The most recent draft includes seven goals: simplify and standardize the application and filing process; create a streamlined process for review and decision making; allow states to consider regional benefits; minimize impediments and delays to the siting of interstate transmission lines; promote regional collaborative decision-making while providing the opportunity for public review and comments; preserve state sovereignty with respect to interstate transmission line siting; and create a forum for federal agencies and tribes to become part of the siting review process simultaneously with states.
The compact would create three levels of organization: a state project review panel (SPRP) within each member state to coordinate the views of different agencies and interests within the state; a combined multi-state siting authority (CMSSA) authorized to make siting decisions for that project; and an interstate compact commission (ICC), which provides administrative support and rulemaking capability.
A developer of a multi-state project that chooses to apply under the compact will only have to file one application with one of the states the project touches.
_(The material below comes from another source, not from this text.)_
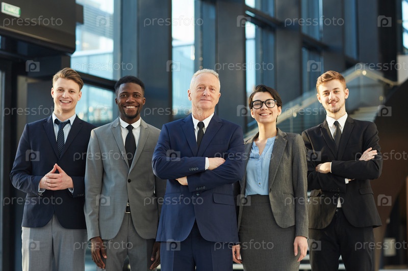 Веселые профессиональные бизнесмены, позирующие в группе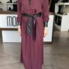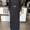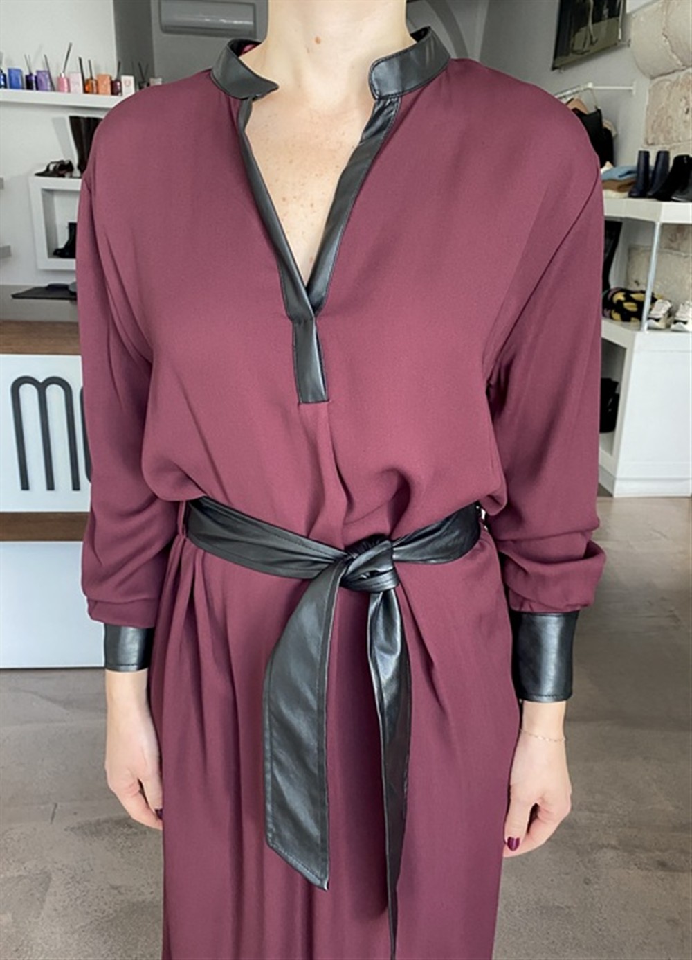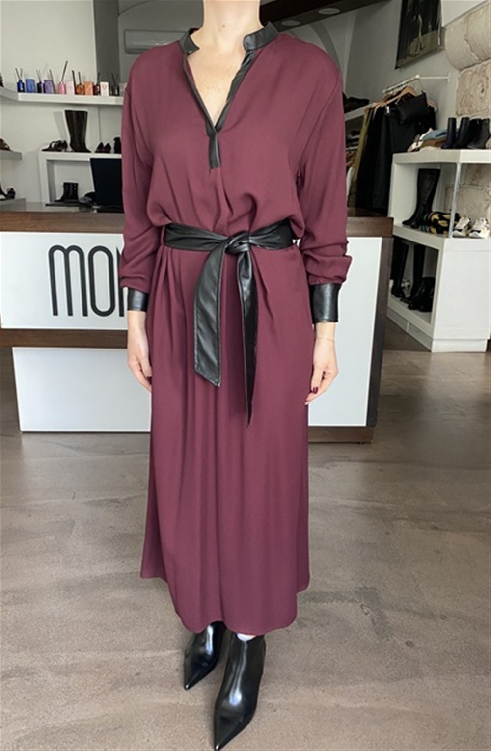 Abito lungo con dettagli e cintura in ecopelle a contrasto

That state will be responsible for forwarding the application to the other states involved.
Each of the states will then form an SPRP that will include representatives appointed by the governor, the legislature, and the state agency with siting authority.
Draft language includes provisions intended to expedite the process, including the convening of the CMSSA to review the application, providing that the initial application review process will be completed within 60 days of filing, and that the first hearing be held within 90 days of the initial filing.
Preliminary language requires that a second CMSSA meeting take place no more than 30 days after the initial decision on completeness. The second meeting will assess the merits of the application, including the proposed route, regional and national energy needs, and costs.
At least one public comment hearing shall be held in each of the affected member states, and must be competed within 120 days of the initial application filing.
The draft compact requires the CMSSA to conduct an evidentiary hearing, and to issue conditional or final approval “within 270 days of the filing of the application unless the applicant and the CMSSA agree to a different timeline.”
Draft language allows for differences from state to state. For example, the compact expressly permits any state, “based upon the rules of the involved states, [to] alter the route for the transmission line within its boundaries by assuming incremental costs.”
The document does not require states to surrender rights, stating that states “may issue orders within its respective jurisdiction and may initiate actions to compel compliance with the provisions of its respective statutes and regulations.”
The document also proposes procedures for resolving disputes administratively, but preserves the rights of aggrieved parties, expressly stating that such parties “shall be entitled to a hearing before the [ICC],” and are entitled to seek judicial review through district courts once administrative remedies are exhausted.
For his part, Koppelman is optimistic about the prospects for the compact.
“Compacts are always a little bit of a ‘tug-and-pull’ with regard to state sovereignty and interstate authority and cooperation,” he said. “You could make the argument that you’re giving up a bit of authority within the borders of your state [by signing on to the compact], but on the other hand, [states] are gaining authority where we have none because our sovereignty ends at our borders.”
Staff from CSG’s National Center for Interstate Compacts will host a session on the compact in conjunction with CSG’s National Conference Nov. 30-Dec. 3 in Austin, Texas. Once compact language is finalized, it will be presented to state legislatures for their consideration and action. That step is anticipated starting in 2013.